As described above, in the conventional art, a routing path is set so that a traveling path of the data packet can be minimized to thereby efficiently use limited wireless network resources. However, since the conventional art operation does not consider the link quality of nodes, network resources may be wasted.
Because MANET uses a wireless medium in order to transmit a data packet, the transmission success of the data packet depends upon the link quality at the time of data packet transmission. Because of the inherent properties of the wireless medium, as the transmission range increases, the received signal intensity of the data packet becomes weaker, until the data packet is routed by another node. Thus, it is implicit that the possibility of a transmission error increases as the transmission range of the data packet increases. Especially, since the link quality between a sending node and a node placed at the boundary of the transmission range of the sending node is low, the data packet transmitted to this node is likely to be lost.
As illustrated in FIG. 1, since node C is placed near the boundary 130 of the transmission range of node A, node A and node C are interconnected by a low quality link. Accordingly, the possibility of success of data packet transmission between node A and node C is low.
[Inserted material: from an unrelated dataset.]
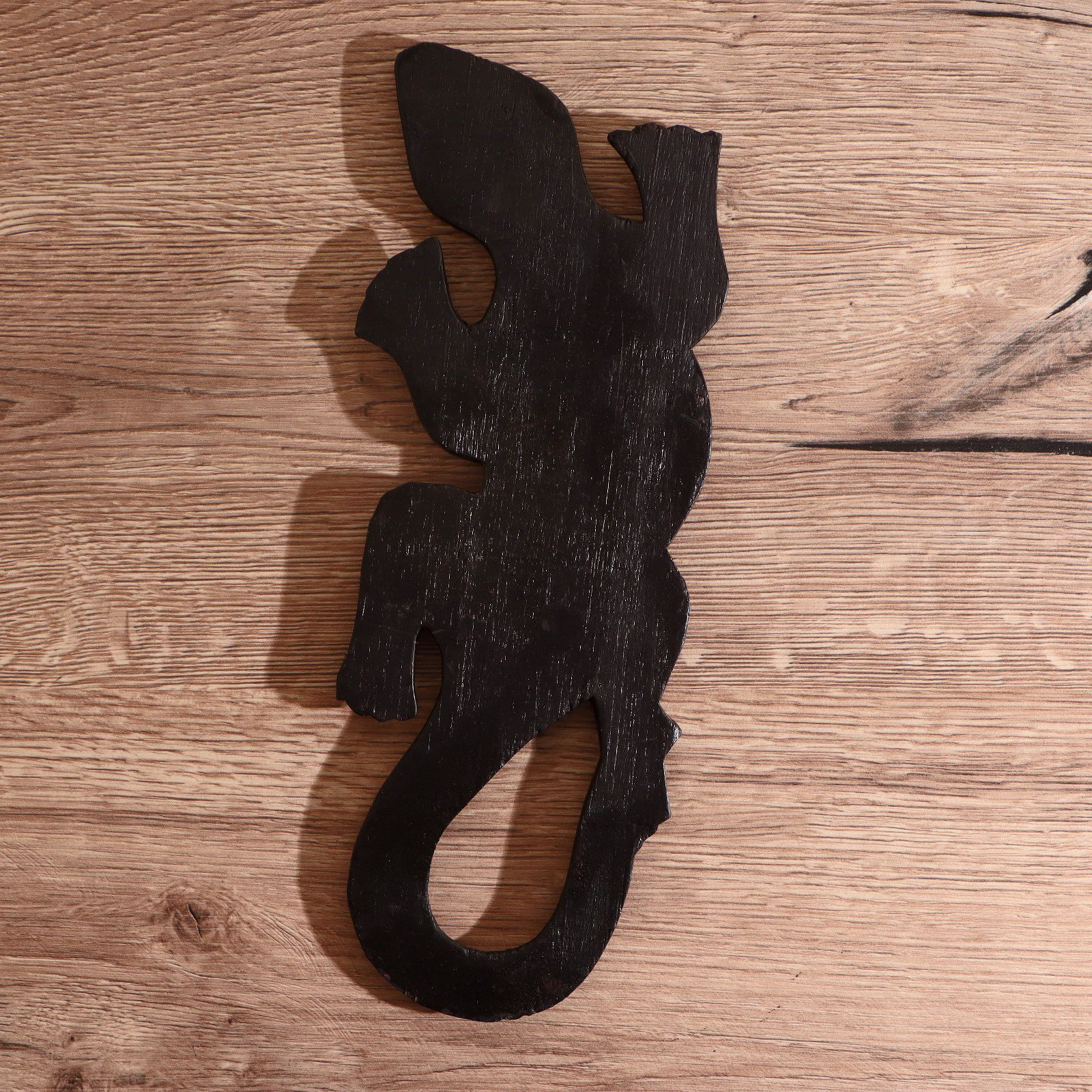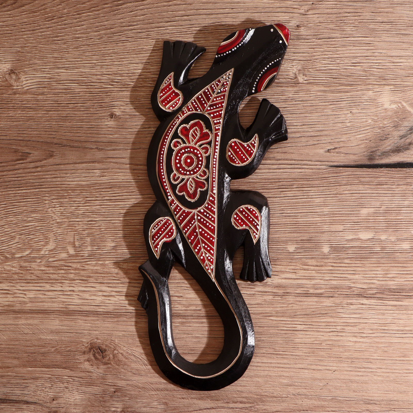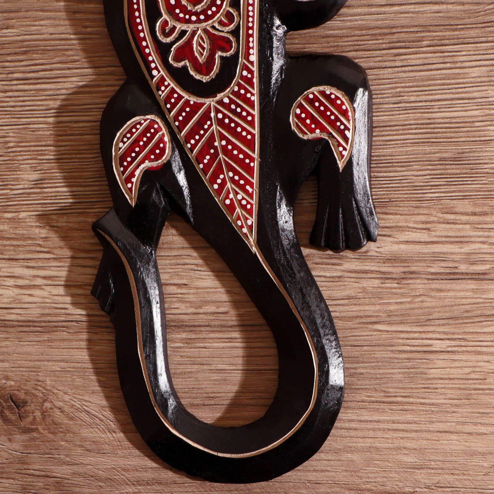 Панно настенное "Геккон черный с красным узором", 1x11x30 см, дерево, 11x1x30 см., Индонезия

That is, when the second path 120 is set as a routing path (according to the conventional art) so that node A may transmit a data packet to node F, transmission of the data packet may fail because of the low quality of the link between node A and node C. If transmission of the data packet fails, node A tries to re-transmit the data packet. However, unless the link quality between node A and node C is improved, the data packet transmission error may reoccur. Also, the more the data packet is re-transmitted, the more network resources are wasted.
Accordingly, to efficiently use network resources, the first path 110, which is a relatively stable link, is desirably set as the routing path even though traveling distance of the data packet is relatively longer than when the second path 120 is set as the routing path.
When node C, which is at the transmission boundary 130, broadcasts a control packet, the possibility that the control packet is successfully transmitted to node A is also low. Accordingly, the control packet transmitted from the node C may not be received by the node A for a time. As a result, the entry of node C may be frequently deleted from the neighbor table (regarding neighbor nodes of node A) and again registered in the neighbor table.
Therefore, nodes which ascertain the network topology through the neighbor table have unreliable knowledge of the network topology because of the low quality links.
Korean Unexamined Patent Publication No. 10-2004-0013744, entitled “Method, Apparatus and Data Structure for Synchronizing Link States in an Ad hoc Network”, discloses a technique that is capable of quickly synchronizing link states without overhead, wherein each node broadcasts information on the state of a directly linked neighbor node, stores the link state information received from the neighbor node and then broadcasts it again to the neighbor node. Accordingly, the overhead resulting from broadcasting an entire routing table (that each node possesses) in order to ascertain the network topology can be reduced. Despite this technique, problems such as data packet transmission errors and an unstable network topology due to neighbor nodes having low link quality still occurs.
Accordingly, there is a need for a technique to provide a stable network topology and routing path.